## Your task
What is needed is the full listing written out exactly, minus the pictures.

## Raw data
========

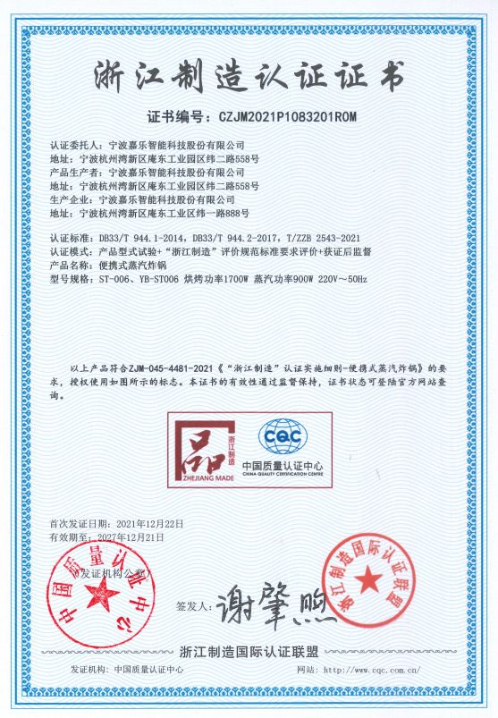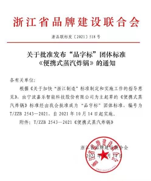 早在去年10月份,由悠伴电器母公司——宁波嘉乐智能科技股份有限公司主导起草的《便携式蒸汽炸锅》标准经由浙江省品牌建设联合会批准成为“品字标”团体标准T/ZZB 2543—2021正式实施。
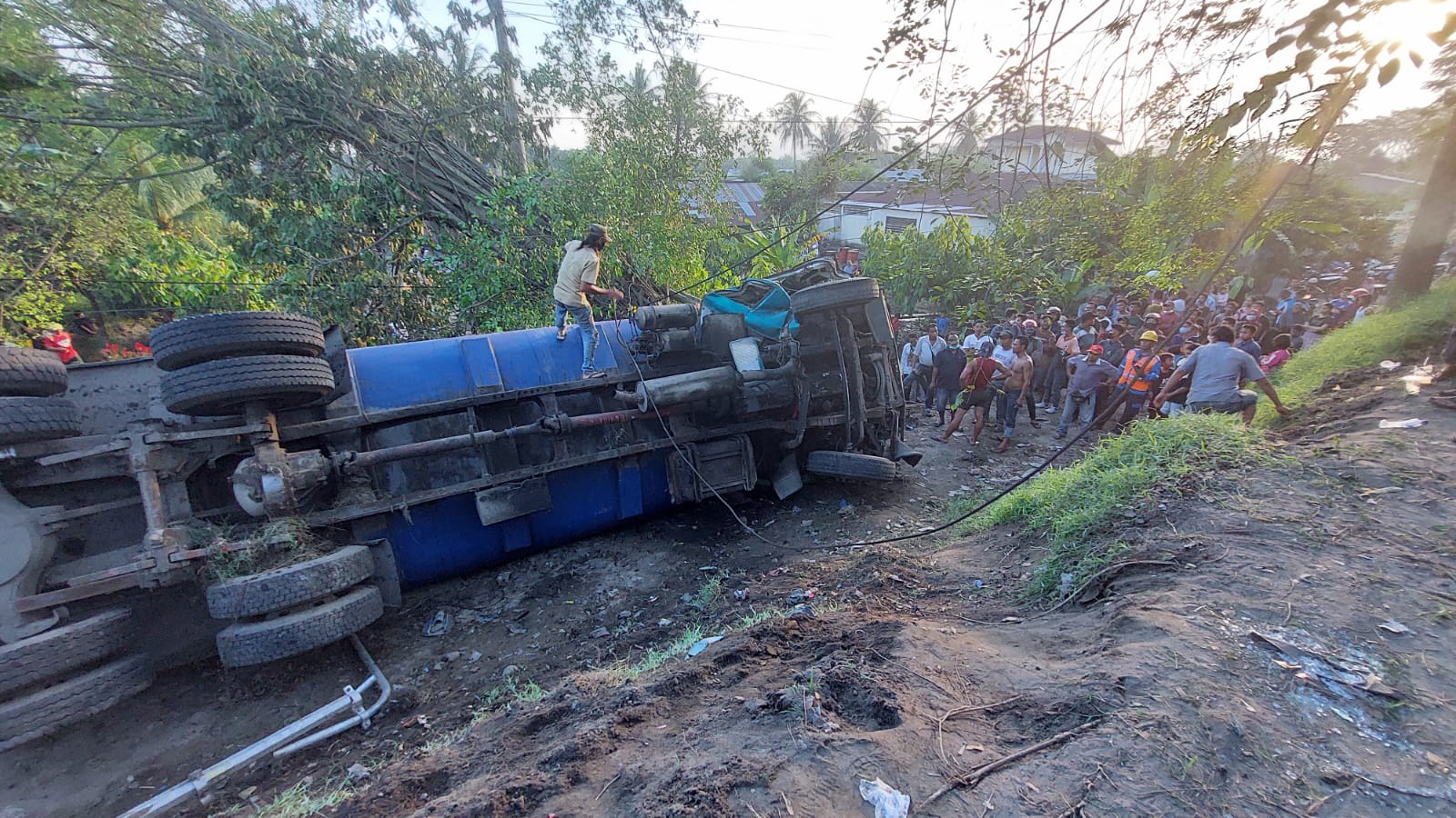 Truk Tangki CPO Terbalik di Perbaungan, Sopir Tewas di Tempat, Warga Berebut Minyak
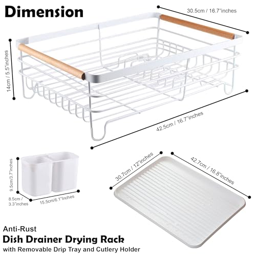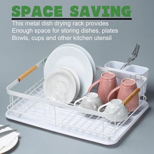 Dish rack drainer, Anti-Rust White metal dish drainer rack with dip Tray, Separate Cutlery Holder, White and wood dish drainer Wooden Handles Dish Drying Rak for kitchen Countertop Easy Clean Assembly
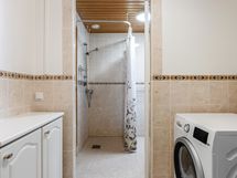 - Erillisen WC:n kuvaus: Lattiat laattaa, seinät maalia. Varustus: lattiakaivo, peilikaappi, bidee-suihku.

========

## Your solution
 早在去年10月份,由悠伴电器母公司——宁波嘉乐智能科技股份有限公司主导起草的《便携式蒸汽炸锅》标准经由浙江省品牌建设联合会批准成为“品字标”团体标准T/ZZB 2543—2021正式实施。
 Truk Tangki CPO Terbalik di Perbaungan, Sopir Tewas di Tempat, Warga Berebut Minyak
 Dish rack drainer, Anti-Rust White metal dish drainer rack with dip Tray, Separate Cutlery Holder, White and wood dish drainer Wooden Handles Dish Drying Rak for kitchen Countertop Easy Clean Assembly
 - Erillisen WC:n kuvaus: Lattiat laattaa, seinät maalia. Varustus: lattiakaivo, peilikaappi, bidee-suihku.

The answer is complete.